Gravin rose to his feet and began pacing back and forth across the face of the eastern fireplace, his green and yellow checkered cloak dragging behind him along the stone floor. At last he stopped and turned to face Zaron. “There is an explanation, one which you, no doubt, have already thought of yourself.”
Zaron craned forward.
“Magic.”
The word hung in the air like an imprecation.
Zaron’s mind reeled at the thought, yet Gravin was right. It was exactly the thought that had been forming in his own mind. Magic. It sounded crazy. After the fall of the dark wizard Magalandar a hundred years ago, the use of magic had been banned forever, on pain of death. The soulstones that gave the wizards and sorceresses their power were gathered together and destroyed. Magic was banished from Mirynthir, never to return.
It couldn’t be magic. How could it be?
“Perhaps it was just a dream,” said Zaron, the words spilling out faster than water overflowing a cup. “Just my imagination. I’ve dreamt stranger things before. I’ve dreamt I could fly. I’ve dreamt of being killed.”
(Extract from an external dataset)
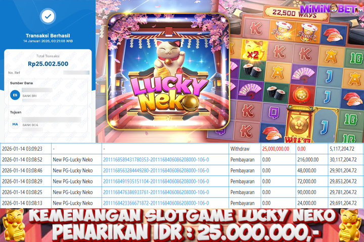 Selamat Kepada User ID : m****1 yang berhasil mendapatkan Kemenangan besar di SLOTGAME ( New PG-Lucky Neko ) Dengan total kemenangan yang berhasil di peroleh yaitu : Rp 25,000,000,- Bukti transfer kemenangan yang kami posting merupakan bukti yang VALID dan SAH karena di dapatkan langsung dari bukti tanda transaksi dari bank yang di tuju / bersangkutan. Kemenangan telah di proseskan setelah melakukan pengisian ( form / formulir ) withdraw. Sebelumnya kami mengucapkan selamat dan berterima kasih kepada Pemenang, karena telah mempercayai situs MIMINBET sebagai BANDAR terpercaya yang sudah membayarkan semua kemenangan member tanpa sisa hingga lunas. Jadi tunggu apa lagi bosku?! Dimana lagi anda bisa jumpai bandar slot dan togel online terbaik dan amanah seperti MIMINBET ?! Bandar yang membayar kemenangan berapa pun tanpa basa basi dan langsung sat set kelar, sat set selesai ^^ Segera bergabung dengan kami MIMINBET, yang dimana ini adalah situs TERBESAR dan TERPERCAYA , Salam JP dan Salam MIMINBET
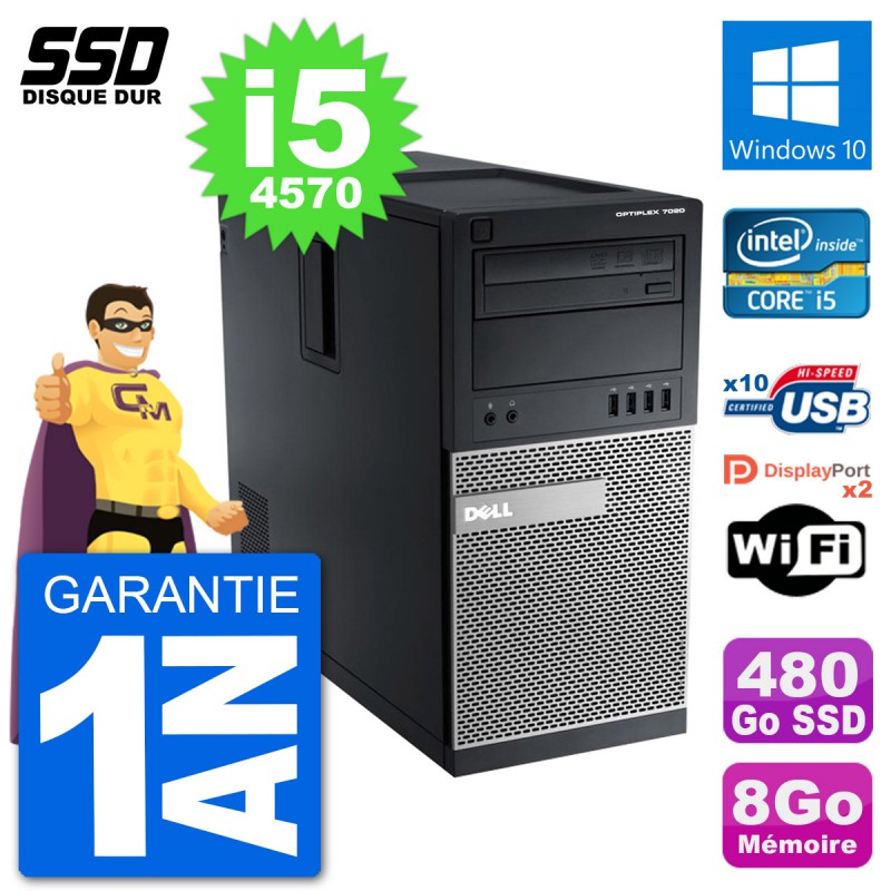 PC Dell Optiplex 7020 MT (Moyenne Tour) - Intel Core i5-4570 3.2 Ghz (6 Mo) - 8 Go DDR3 - Disque Dur SSD 480 Go - Graveur DVD - Clef Wifi USB - Windows 10 - Garantie 1 an.

“Yes, perhaps,” said Gravin. “Perhaps it was just a dream.” He stroked the front of his beard pensively and resumed pacing. “We cannot tell for certain.”
“But it can’t be magic,” argued Zaron. “That makes no sense. There hasn’t been magic for almost a hundred years, since the end of the Purge. It has to be a dream. Right?”
Gravin shook his head as if to clear it. “Yes, you are right, of course. It is by far the more logical explanation. If a fire begins in a forest, which is more likely—that a dragon set the trees alight or that a woodsman was careless with a campfire?”
“Or if a boy dreams of a living painting, which is more likely—that a magical painting really exists or that an overactive imagination full of fairy tales and legends conjured some strange vision in a dream?”
Gravin smiled at him and walked over to the chair where Zaron sat. “Don’t be too hard on yourself. I think that your mind is just trying to fill in those empty spaces from long ago. You must tell me if you have this dream again, or if you see something more. Until then, put your mind at ease.”
“Right,” said Zaron. “I’ll let you know.” And he knew that he would. Gone were the days of keeping these dreams to himself.
The conversation with Gravin had helped to relax him, both mind and body, but now a dull throbbing began at his temples. Probably a headache from the lack of sleep. He should leave, he knew, to let Gravin get to bed. He rubbed his forehead, and then started to rise.
Gravin, however, had noticed the gesture. “Headache, Zaron?”
“Yes. It’s been a while since I slept well.”
“Sit down. Let me make you some tea.”
“Are you sure? I don’t want to keep you from sleep.”
Gravin smiled again. “Do I look like I’m sleeping? Sit down.”
Zaron sat down again, grateful to return for a few more minutes to the gentle embrace of the down-stuffed cushions. The chair was a lot more comfortable than his cot at the Academy.
He heard Gravin moving about in the kitchen—shuffling feet, a clattering pot, water gurgling out of a barrel. Five minutes later, Gravin returned to the living room with two steaming mugs and a pair of homemade biscuits on a tray. “The biscuits are a day old,” he said apologetically.
“Thank you, Gravin.”
The tea soothed his headache, and with the headache gone and his mind now at ease, drowsiness began to overtake him. He started to rise a second time, but Gravin stopped him again.
“Rest here. I’ll wake you in the morning.”
“But I need to be up early,” Zaron protested sleepily. “I’m going on a training run.”
“I know. Dorag told me yesterday afternoon. Don’t worry, I’ll wake you.”
Zaron mumbled an affirmative, and then he slipped into a peaceful, relaxing sleep. And for once, the dreams did not come.